** EXERCISE REQUIREMENTS **
Repeat the records below exactly from the line containing "押忍!番長】 ★50/60Hz /130W" to the line containing "The following is", taking in both of those lines. Drop the pictures.

** DATA FOR THE TASK **
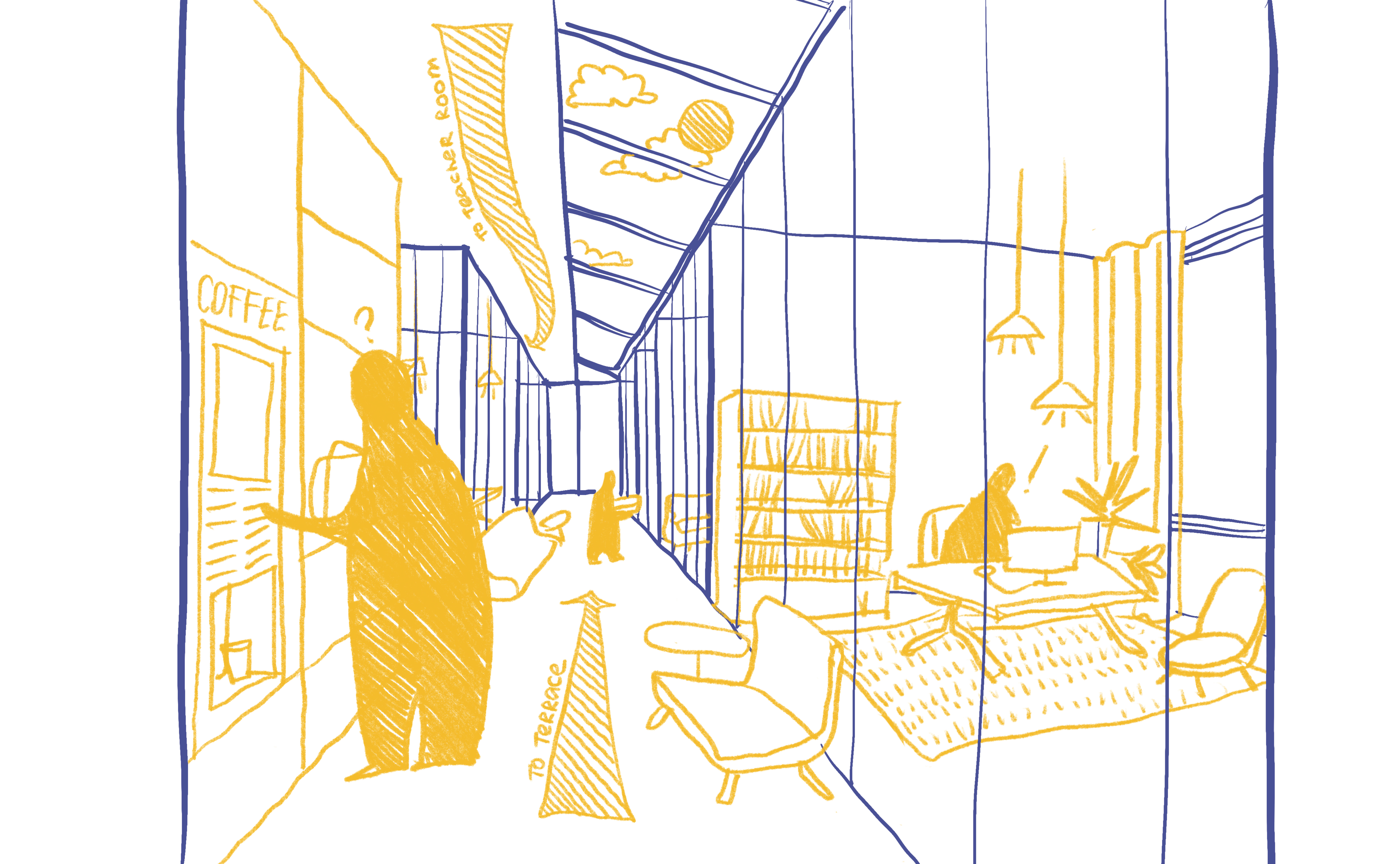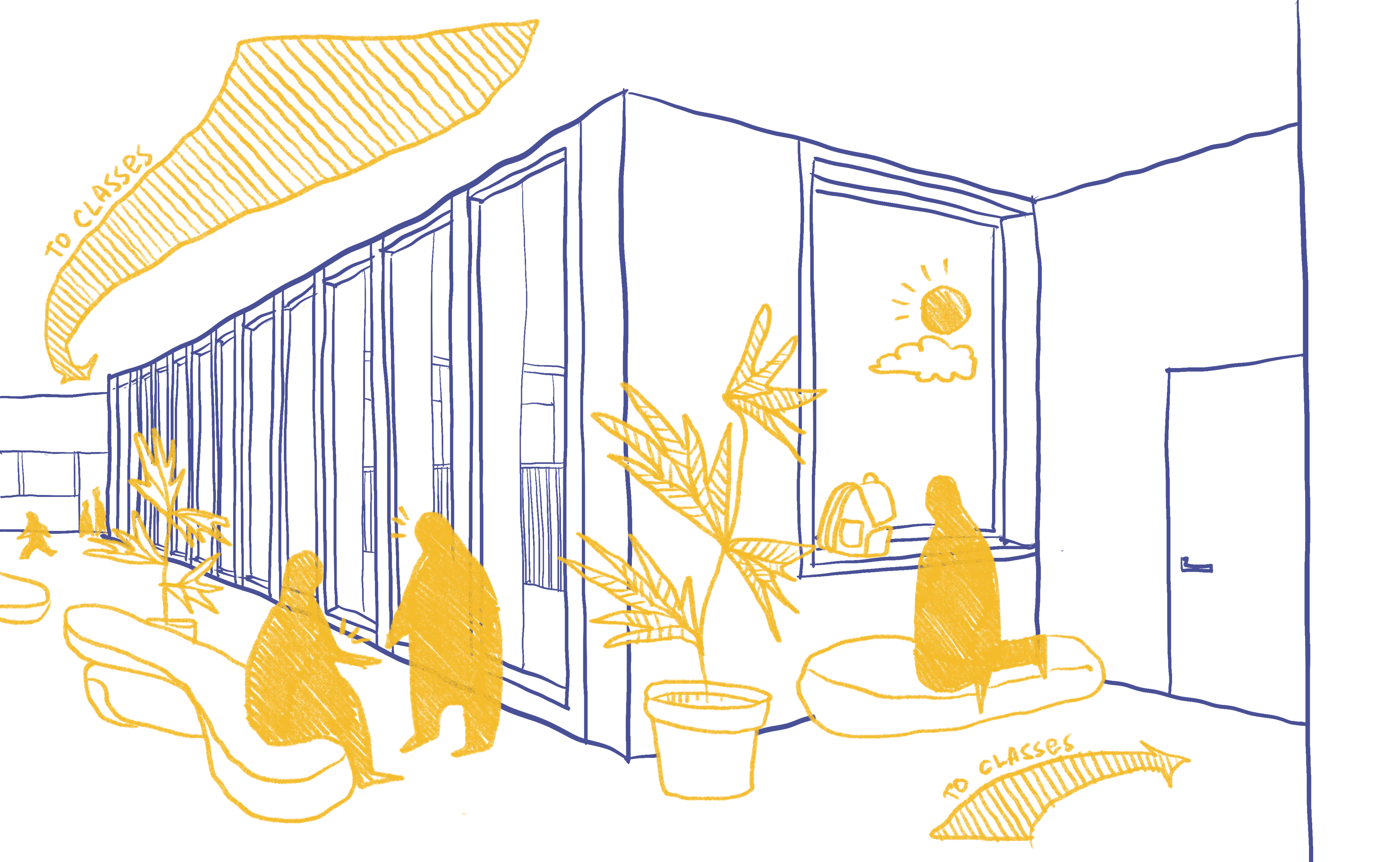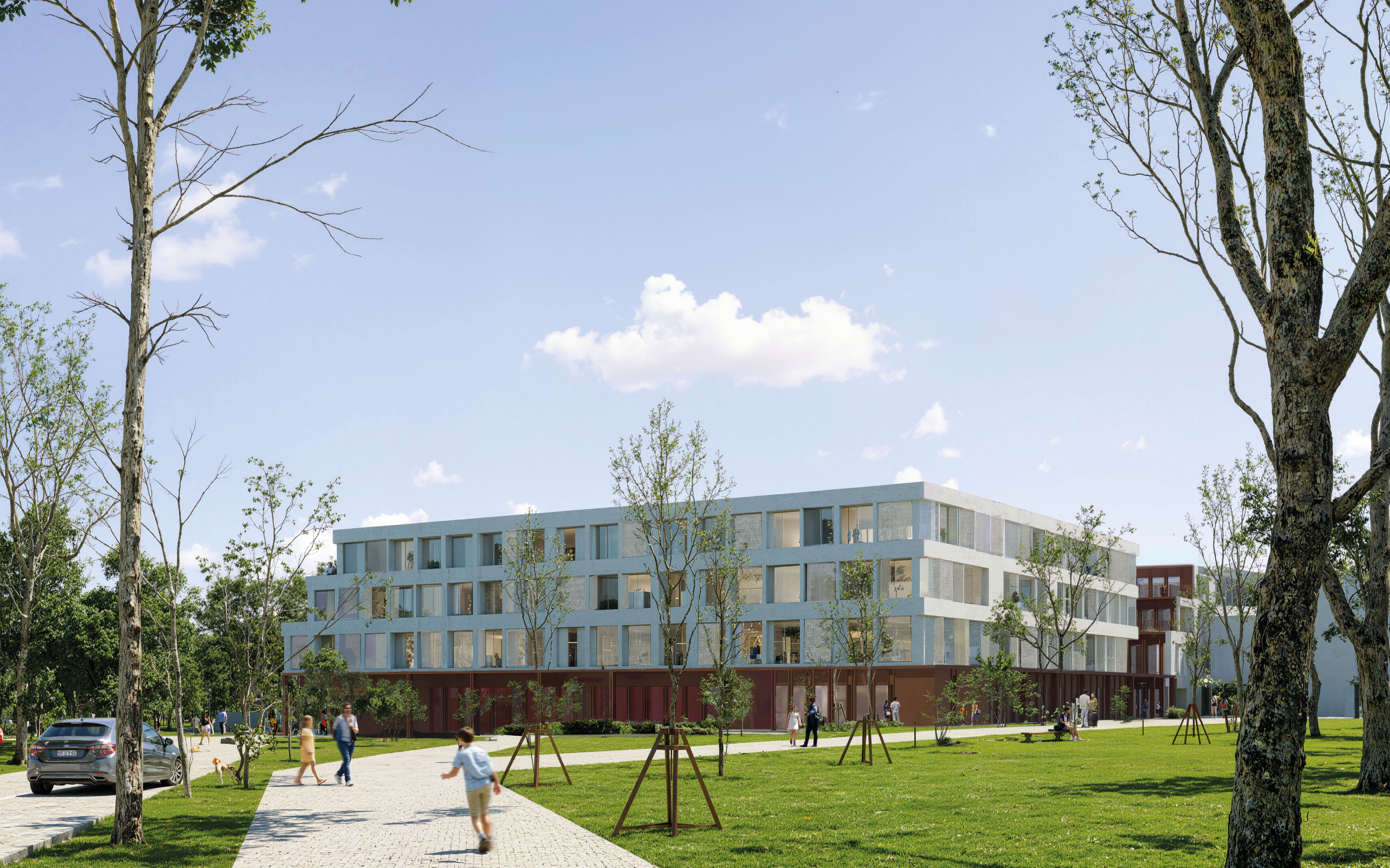 An important aspect of the design is the distinctive functional zoning: the ground floor serves as an open community center — it houses a large sports hall, a multi-purpose auditorium that can be adapted for various needs, a library, extracurricular clubs, and recreational spaces.
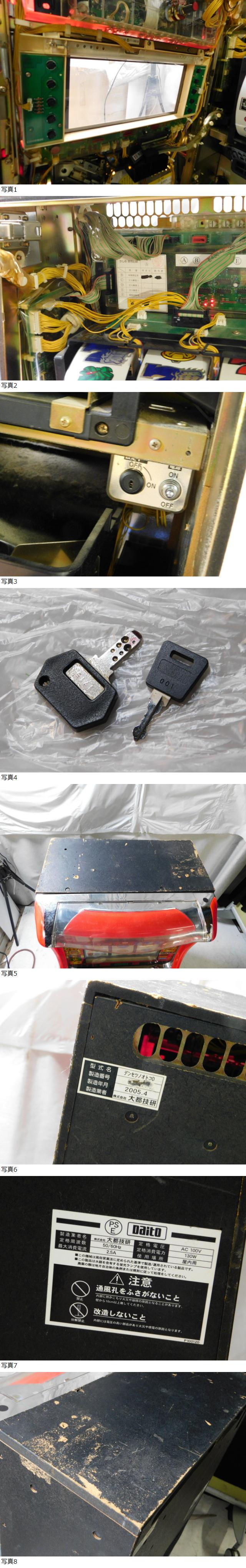 ★記載・・【Daito 押忍!番長】 ★50/60Hz /130W /2.5A 室内用 ★家庭用電源に本体のコンセントを差し、電源がつく事を確認しました。 ★液晶画面にドット抜けがあります。 ★メダル不要機です。 ★設定出来た事を確認しました。 ★ボリューム調整出来た事を確認しました。 ★レバーを引いて回転しボタンを押し止まって遊べた事を確認しました。 ★設定・ドアキーあります。
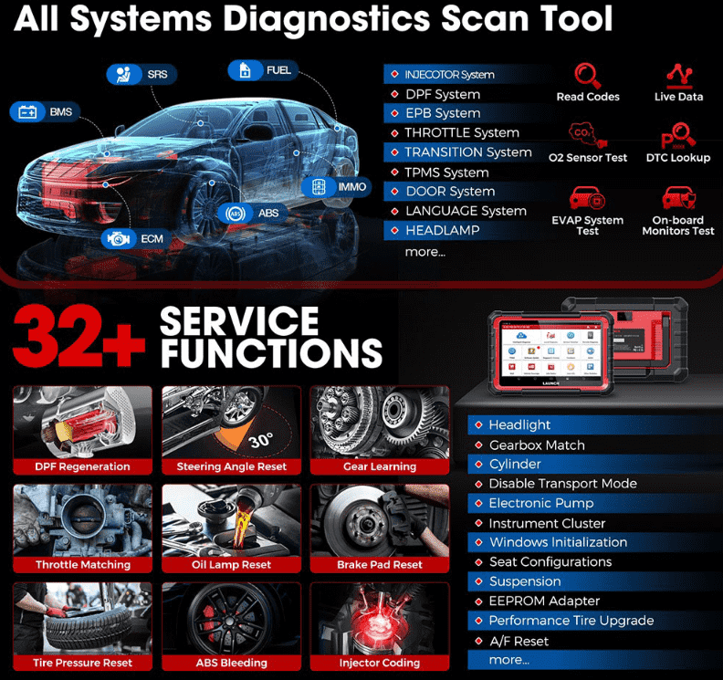 The following is a list of modern vehicle systems that this scan tool can get access to:
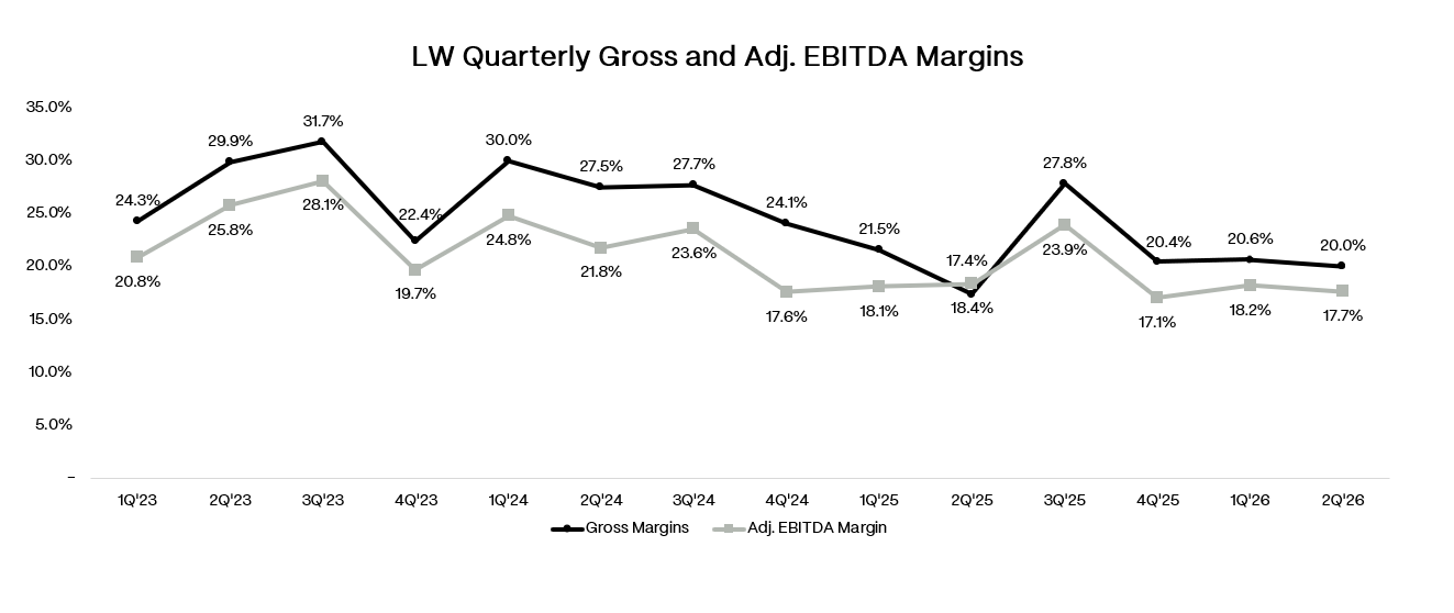 Fiscal 1Q’25 and 2Q’25 were the “weak execution” phase and Adj. EBITDA was roughly $300mm which is what it looks like when you’re still absorbing disruption, fighting to normalize service, and using commercial actions to stop the bleeding. 3Q’25 was the bounce, gross margin jumped to 27.8% and Adj. EBITDA to $364mm. But it did not hold. 4Q’25 rolled back over, gross margin fell to 20.4% and Adj. EBITDA to under $300mm, reinforcing that this is not a smooth normalization story.
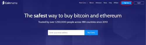 1. If you don’t already have a Coinmama account, head to the Coinmama website and select the blue “Sign Up” tab.
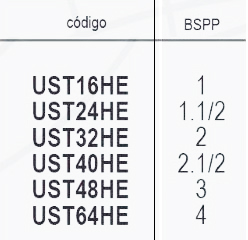 | Codigo | UST16HE – 1, UST24HE – 1.1/2, UST32HE – 2, UST40HI – 2.1/2, UST48HE – 3, UST64HE – 4 |

** THE COMPLETED TASK **
 ★記載・・【Daito 押忍!番長】 ★50/60Hz /130W /2.5A 室内用 ★家庭用電源に本体のコンセントを差し、電源がつく事を確認しました。 ★液晶画面にドット抜けがあります。 ★メダル不要機です。 ★設定出来た事を確認しました。 ★ボリューム調整出来た事を確認しました。 ★レバーを引いて回転しボタンを押し止まって遊べた事を確認しました。 ★設定・ドアキーあります。
 The following is a list of modern vehicle systems that this scan tool can get access to:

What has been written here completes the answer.